▶ _Work required_:
Starting at the line that contains "骑士20号秀 杰伦-泰森 登场7.5分钟" in the listing below, write out every line word for word until you have written the line that contains "Σχολικό εγχειρίδιο Αριθμητικής".

▶ _Exercise material_:
##########
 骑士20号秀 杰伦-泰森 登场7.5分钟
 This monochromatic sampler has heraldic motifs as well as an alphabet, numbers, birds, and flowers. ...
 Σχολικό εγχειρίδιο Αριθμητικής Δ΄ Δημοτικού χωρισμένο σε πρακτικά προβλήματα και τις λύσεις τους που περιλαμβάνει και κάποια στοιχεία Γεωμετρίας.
##########
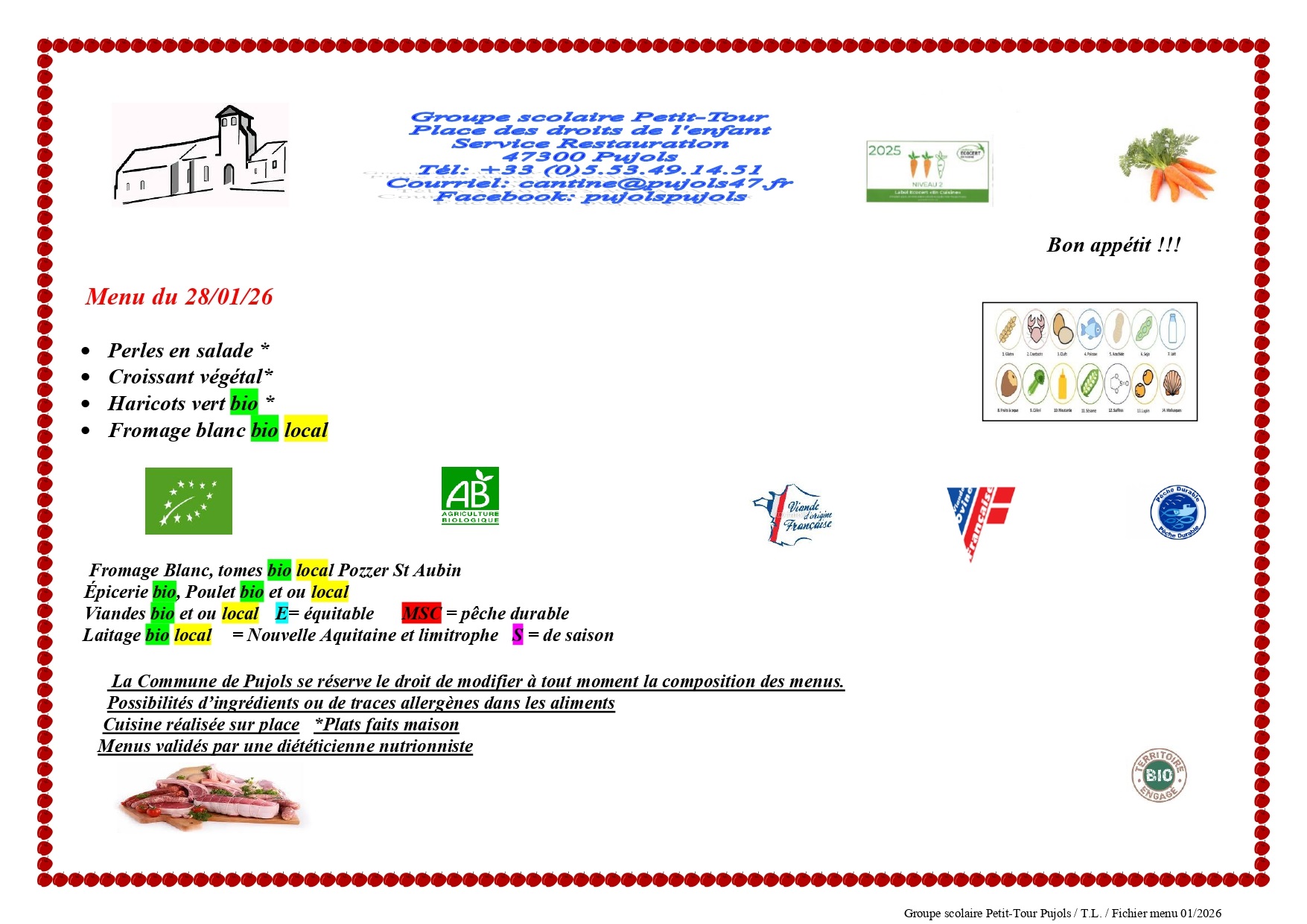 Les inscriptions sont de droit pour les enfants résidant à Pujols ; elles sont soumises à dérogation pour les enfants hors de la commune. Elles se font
##########
▶ _Written response_:
 骑士20号秀 杰伦-泰森 登场7.5分钟
 This monochromatic sampler has heraldic motifs as well as an alphabet, numbers, birds, and flowers. ...
 Σχολικό εγχειρίδιο Αριθμητικής Δ΄ Δημοτικού χωρισμένο σε πρακτικά προβλήματα και τις λύσεις τους που περιλαμβάνει και κάποια στοιχεία Γεωμετρίας.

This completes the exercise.